-- Opening Marker --

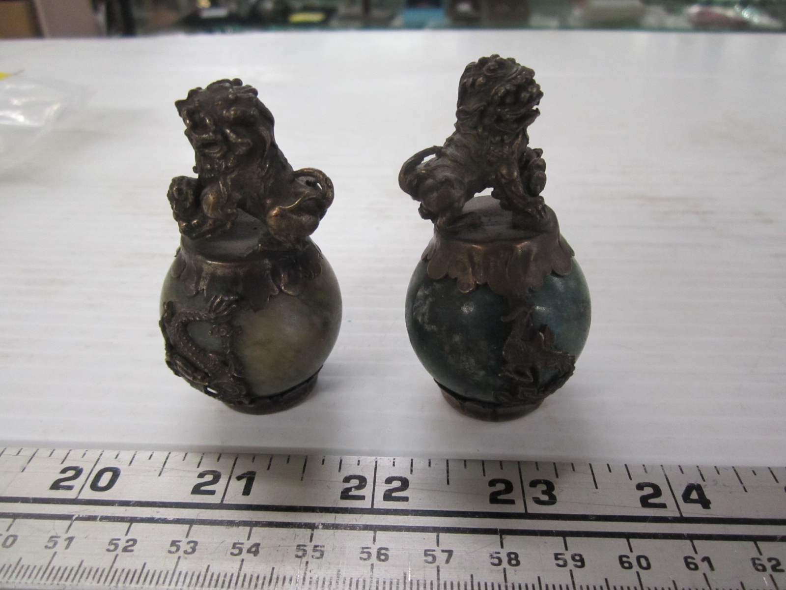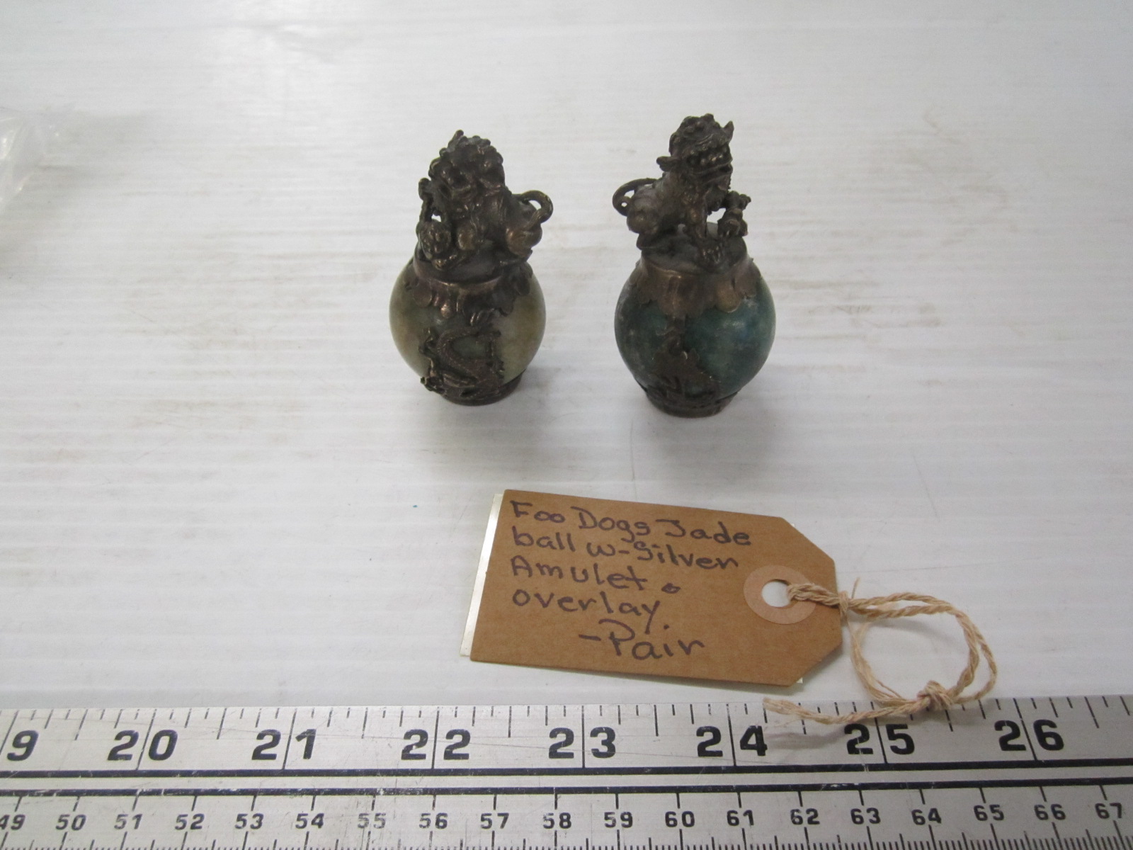 Lot 712 PAIR OF FOO DOGS JADE BALL W/SILVER AMULET & OVERLAY
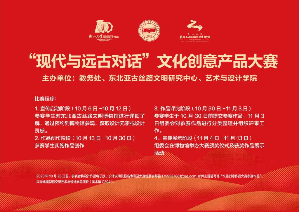 东北亚古丝路文明博物馆作为学校重要的文化阵地,开馆以来受到了广大师生的欢迎。为进一步探寻文物与文化创意的对接成果,用人文精神诠释校园文化品位,凝练特色文化品牌,浓厚的校园学创新氛围,提高师生学生的创新实践能力,为百年校庆增添文化气息。学校决定以东北亚古丝路文明博物馆馆藏文物为设计元素,举办 “现代与远古对话” 探花视频
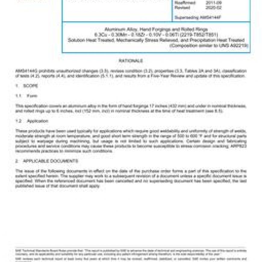 SAE AMS4144G Aluminum Alloy, Hand Forgings and Rolled Rings 6.3Cu - 0.30Mn - 0.18Zr - 0.10V - 0.06Ti (2219-T852/T851) Solution Heat Treated, Mechanically Stress Relieved, and Precipitation Heat Treated
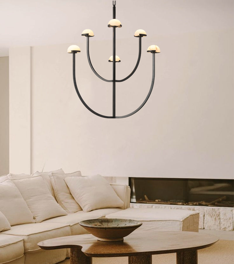 Pedra Tier Alabaster Chandelier Aged Brass/Black
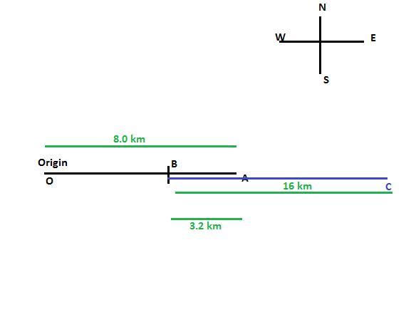 As we can see that the total displacement is OC = OA- AB + BC = 8.0-3.2+16 = 20.8 km
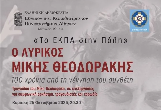 Με δύο επετειακές συναυλίες για τη συμπλήρωση των 100 χρόνων από τη γέννηση του Μίκη Θεοδωράκη και του Μάνου Χατζιδάκι, συνεχίζονται μέχρι τον Δεκέμβριο, οι επιμορφωτικές, πολιτιστικές και καλλιτεχνικές δράσεις, που πραγματοποιούν από κοινού ο Δήμος Αθηναίων, το Εθνικό και το Καποδιστριακό Πανεπιστήμιο Αθηνών, υπό τον τίτλο «Το ΕΚΠΑ στην Πόλη».
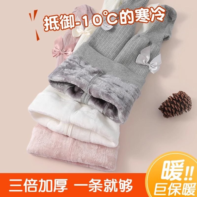 儿童连裤袜白色女童打底袜加绒加厚秋冬款宝宝打底裤女婴儿连体袜
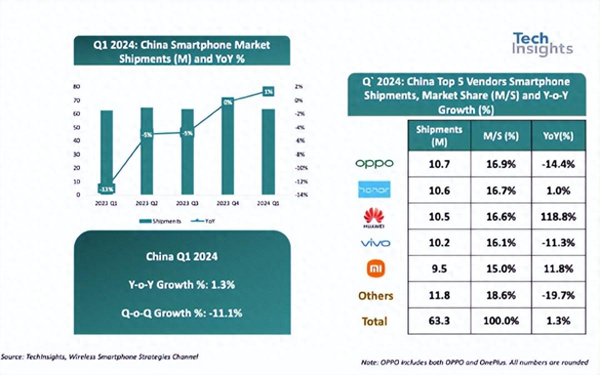 市场研究机构techinsights发布的最新数据显示,2024年第一季度国内智能手机出货量达到6330万台,同比增长1%,结束了连续11个季度的年度下滑趋势。

-- Closing Marker --

▶ _Assigned task_:
Only the lines starting at the one that includes "SAE AMS4144G Aluminum" and ending at the one that includes "As we can see" should be retyped, exactly, from the records above; no pictures.

▶ _Result of this task_:
 SAE AMS4144G Aluminum Alloy, Hand Forgings and Rolled Rings 6.3Cu - 0.30Mn - 0.18Zr - 0.10V - 0.06Ti (2219-T852/T851) Solution Heat Treated, Mechanically Stress Relieved, and Precipitation Heat Treated
 Pedra Tier Alabaster Chandelier Aged Brass/Black
 As we can see that the total displacement is OC = OA- AB + BC = 8.0-3.2+16 = 20.8 km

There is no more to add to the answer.